If there are weaknesses, these may be more pronounced overseas, where Topps’s immature 20-store portfolio in the Netherlands enjoys fewer economies of scale than its domestic base. This month’s purchase by Travis Perkins of Tile Giant, a smaller rival, may also prove troublesome, given the deep pockets of its new owner.
Even so, a current-year earnings multiple of 9.6 times and dividend yield of 6.8 per cent appears too cheap. But, with the likes of Kingfisher due to update investors tomorrow and sentiment set to remain against DIY stocks for the short term, the shares, at 164¼p, are best avoided now and revisited in the new year.
KCom
The credit crunch appears to have done little to dampen speculation that the former Kingston Communications is a possible private equity target since Hull City Council broke its historic link six months ago by selling its remaining 31 per cent stake.
The predictable cashflows from its residential business are seen to make it an obvious target for a financial buyer. Such speculation has not stopped the shares falling 25 per cent since then, while yesterday’s half-year figures did little to ease the pressure on Malcolm Fallen, chief executive, to break up his charge.
The numbers were broadly in line with forecasts and management sought to underline its confidence with a hefty rise in interim dividend of 45 per cent.
But pre-tax profits were down 48 per cent to £5.3 million and the company felt compelled to reiterate September’s warning about its exposure to the financial services sector, where it works with big banks and insurers. No contracts have yet been cancelled, although KCom – which today generates more than 90 per cent of its revenues from the business telecoms sector rather than from residential consumers in Hull – is bracing itself for some work to be delayed. But the company is just as likely to use its cash to consolidate its sector rather than fall prey itself. This means that, even with the shares near a 12-month low and trading at just nine times 2008 earnings, they are best avoided for now.
Bloomsbury
Every period of stock market volatility throws up anomalies in valuation, but few can be as extreme as that at Bloomsbury. Shares in the book publisher have fallen 25 per cent over the past month, and 16 per cent in the past week alone, despite the fact that the company has said nothing new since September’s first-half results. Indeed, the only intervening Stock Exchange announcements have been those detailing directors’ buying of shares. Such has been the sell-off that, at yesterday’s 120½p, Bloomsbury trades at just four times this year’s earnings once the company’s forecast year-end cash of £40 million has been stripped out. Even allowing for the halving of forecast profits next year from the absence of Harry Potter, that still, minus cash, equates to eight times 2008 numbers on Dresdner Kleinwort’s estimates.

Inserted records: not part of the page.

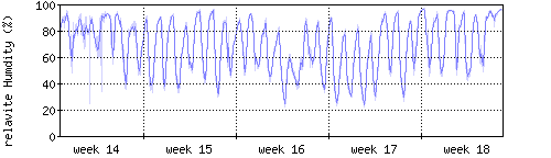Der blaue Graph zeigt relative Feuchtigkeit. |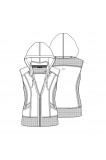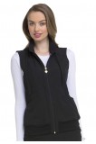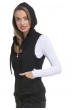 A Contemporary zip front vest features four patch pockets, knit side panels, removable hoodie, dotted-heart heat transfer and bungee instrument loops. Center back length: 25"
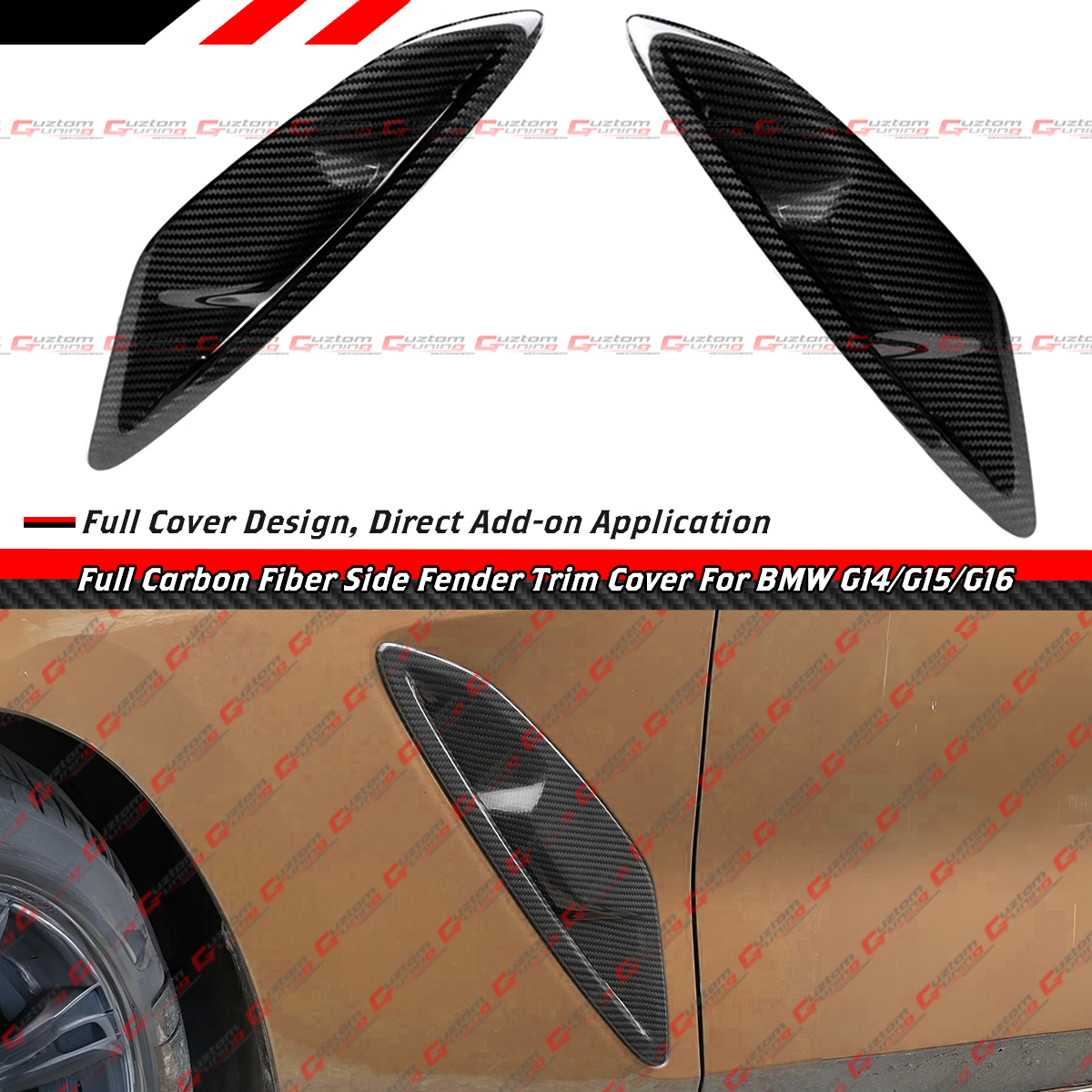 - Full Prepreg Carbon Fiber Front Fender Side Badge Garnish Trim Covers For 8 Series. This is The Full Size Cover Design, It Will Give You The Luxury Yet Sporty Look Right Away.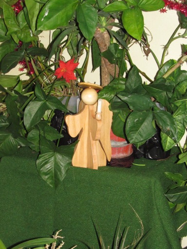 This year I got to experience the creation of the Nativity at the Pastoral House. The Nativity took several hours to create and I was able to help with a couple things as well as capture the process with photos. The emphasis in many Nativities in El Salvador is on living plants. I watched as Blanca and Jesús dragged all sorts of plants into the chapel from the back yard. I went around the yard searching for rocks. We unpacked a couple boxes where things are stored for the Nativity and also placed a couple new pieces in the Nativity.
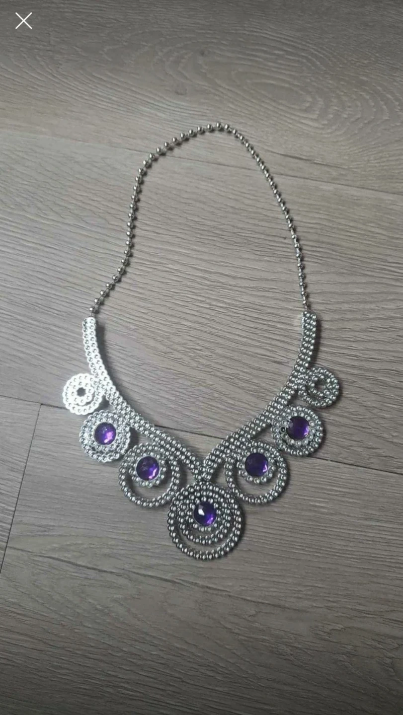 🏆Silver tone necklace with purple gems

True, those who rode the JK Rowling phenomenon might feel little reason to revisit the shares until the postPotter future becomes clearer. And predictions of earnings growth of only 2 per cent in 2009 do little to enthuse. But Bloomsbury is free of the debt of its media sector peers, while the small-ticket nature of spending on books should provide a degree of insulation against a consumer slowdown. The Harry Potter box sets should sell well this Christmas, as might the likes of The River Cottage Fish Book. The launch of online reference databases and the final Potter paperback also provides hope for next year. Worth a look.